Lean on Pete, the new film from director Andrew Haigh (45 Years, Weekend) is sad. This is the first word that comes to mind when I think of the film, something I’ve been doing often in the weeks since I saw it. It contains the kind of sadness that slips into the cracks of your foundation and breaks you from the inside out. When the credits rolled, I was left off-kilter. My world had tilted. Something irreparable had occurred.
The film centers on Charley, a 15 year old kid played with wide eyes and impossible vulnerability by Charlie Plummer (All the Money in the World). He doesn’t have much, but he does have a little: a past as an athlete, a father who seems to be trying, a hopeful outlook on the world around him. The Charley we meet in the film’s beginning isn’t jaded by where his life has fell short. There is mention of an aunt who isn’t in the picture anymore, but Charley doesn’t let feel bitter about it. What good would it do?
But this movie isn’t about Charley. Not really. It’s about Pete, or rather Lean on Pete, a run-hard racehorse owned by Dell (a worn-down Steve Buscemi). Pete’s presence makes this a horse movie, but it is not a Horse Movie. This is not Black Stallion, this is not War Horse. This is an Andrew Haigh film, and so it is quiet and uncompromising, subtle and shattering.
When Charley meets Pete, he is running in the early hours of dawn, something he does as part of his routine. The summer is ending soon and football tryouts are coming up. He wants to get back into shape. It is surprising to hear that Charley plays football; he is a small kid, with long limbs and a physicality bordering on breakable. But the surprise of it is also part of Lean on Pete’s magic: There is a truth to everything, even in the implausible.

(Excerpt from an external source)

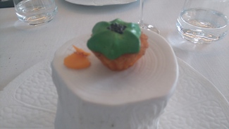 - Cupcake de huevo de codorniz y trufa. Recomiendan comerlo de un bocado para que el huevo explosione en la boca. Original y agradable.
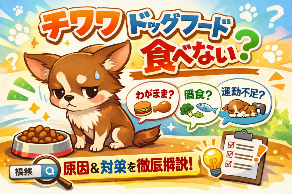この記事でわかること 確認日 2026年03月27日 対象キーワード チワワ ドッグフード 食べない 主な原因 わがまま・偏食・運動不足・病気・老化・環境ストレス・フードの嗜好性不足 こんな飼い主さんに チワワのごはんの食いつきが悪くて困っている方・フー... -

On his run, Charley passes a stable, where a few horses are out walking. He stops and watches the horses, and by the day’s end, he has gotten a job there through pure force of will (Dell, the owner of said stable, is doubtful of Charley’s capabilities, but quickly learns that what Charley lacks in experience, he makes up for in desire to be there). Charley’s job with Dell is a lot of grunt work: shoveling hay, walking the horses, loading them up in the trailer. From the moment he starts, we know he is doomed. His eyes are too big, too open to make it through this world alive. And so he falls in love with Pete. And when Pete stops winning races, he saves him, and together they attempt to survive the world they live in.
Haigh makes romances. Weekend, his debut, follows two young men as they grow together over a weekend. 45 Years, his Oscar-nominated follow-up, explores the commitment and desolation of an aging marriage. While Lean on Pete may not appear to be as immediately romantic as Haigh’s previous two features, do not be mistaken. It glows and vibrates with the same energy that makes Haigh such a talented filmmaker. He adores his characters but refuses sentimentality at every turn. He presents their lives, their situations as they are, which becomes its own kind of tragedy.
Charley spends the majority of the film’s run time trying to do the right thing. He supports his father, he does right by Dell, and he takes care of Pete, even when it becomes impossible to do all three. At every turn, the world disappoints him, and yet he does not give up. Plummer portrays Charley as an open book, the kind of face that can’t help but give itself away. It is a remarkable performance, and one of the very best of the year. It is a fitting coincidence that both actor and character share the first name, for Plummer imbues Charley with such humanity and empathy that it becomes impossible to separate the two. Lean on Pete would not survive without Plummer’s face, which becomes its central focal point for its 121 minutes. Cinematographer Magnus Nordenhof Jønck shoots his face in intimate close up, following his every look and glance with the kind of rapt attention we ascribe to works of art. It is a miracle that Plummer doesn’t wilt under this kind of intimacy. Lean on Pete is the first lead role the 19 year old actor has done, and it doesn’t show one bit. Ultimately, it is the kind of performance that will linger, and one that promises a long, successful career to follow.
Lean on Pete is an exquisite film. Nothing this year has affected me the way it did. Haigh makes movies that we don’t see very often, ones about the small things, the things in between everything else, the outskirts of nowhere. I feel blessed to witness them. And with Lean on Pete, Haigh has mastered his technique to haunting effect. It is the strongest effort from an already strong filmmaker. And, most importantly, it does right by Charley. Just as Charley would have done for him, and for us.